Examples

Examples

Ingest human RNA-Seq data

srake ingest --auto \
  --taxon-ids 9606 \
  --platforms ILLUMINA \
  --strategies RNA-Seq \
  --min-reads 10000000

Build search index with embeddings

srake index --build --with-embeddings --progress

Search and export results

# Search for cancer studies, export as CSV
srake search "breast cancer" \
  --organism "homo sapiens" \
  --library-strategy RNA-Seq \
  --format csv \
  --output breast_cancer_rnaseq.csv

# Get accession list for downstream tools
srake search "single cell" \
  --platform ILLUMINA \
  --format accession \
  --output accessions.txt

# Semantic search for related concepts
srake search "tumor gene expression profiling" \
  --search-mode vector \
  --show-confidence \
  --format json

Export for R/Bioconductor workflows

# Export to SRAmetadb format
srake db export -o SRAmetadb.sqlite

# Use with FTS3 for older SRAdb R package
srake db export -o SRAmetadb.sqlite --fts-version 3

Then in R:

library(DBI)
con <- dbConnect(RSQLite::SQLite(), "SRAmetadb.sqlite")
dbGetQuery(con, "SELECT * FROM sra_ft WHERE sra_ft MATCH 'cancer RNA-Seq'")

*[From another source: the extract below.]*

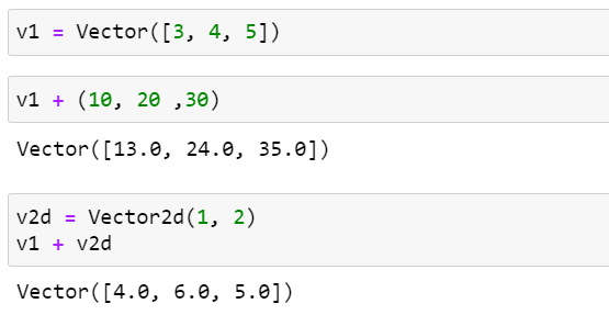 예전 포스팅에서 구현한 기본 Vector 클래스는 간단한 연산자를 구현하고 있습니다. __add__()와 __mul__() 메소드는 스페셜 메소드가 연산자 오버로딩을 지원하는 방법을 보여주기 위해 작성되었지만, 여기에는 간과된 미묘한 문제가 있습니다.

API server for analysis pipelines

# Start server
srake server --port 8080 &

# Query from scripts
curl -s "http://localhost:8080/api/v1/search?q=CRISPR&organism=homo+sapiens&limit=50" \
  | jq '.results[].accession'

# Get study metadata
curl -s "http://localhost:8080/api/v1/studies/SRP123456/metadata" | jq .

# Statistics
curl -s "http://localhost:8080/api/v1/stats/organisms" | jq '.organisms[:10]'

Filtered ingestion for specific projects

# Model organisms only
srake ingest --auto \
  --taxon-ids 9606,10090,7955,7227,6239 \
  --date-from 2024-01-01

# Long-read sequencing data
srake ingest --auto \
  --platforms PACBIO_SMRT,OXFORD_NANOPORE \
  --strategies WGS \
  --min-bases 1000000000

# Preview what would be imported
srake ingest --auto \
  --taxon-ids 9606 \
  --strategies ChIP-Seq \
  --stats-only

Resume interrupted ingestion

# Start a large ingestion
srake ingest --monthly --taxon-ids 9606

# If interrupted, run the same command again
srake ingest --monthly --taxon-ids 9606
# Automatically resumes from last checkpoint

Use with Claude Desktop (MCP)

Add to ~/.claude/claude_desktop_config.json:

{
  "mcpServers": {
    "srake": {
      "command": "srake",
      "args": ["mcp"]
    }
  }
}

With a custom database path:

{
  "mcpServers": {
    "srake": {
      "command": "srake",
      "args": ["mcp", "--db", "/path/to/srake.db"]
    }
  }
}

Once configured, Claude can search SRA metadata, retrieve study details, find similar studies, and export results directly through the MCP tools.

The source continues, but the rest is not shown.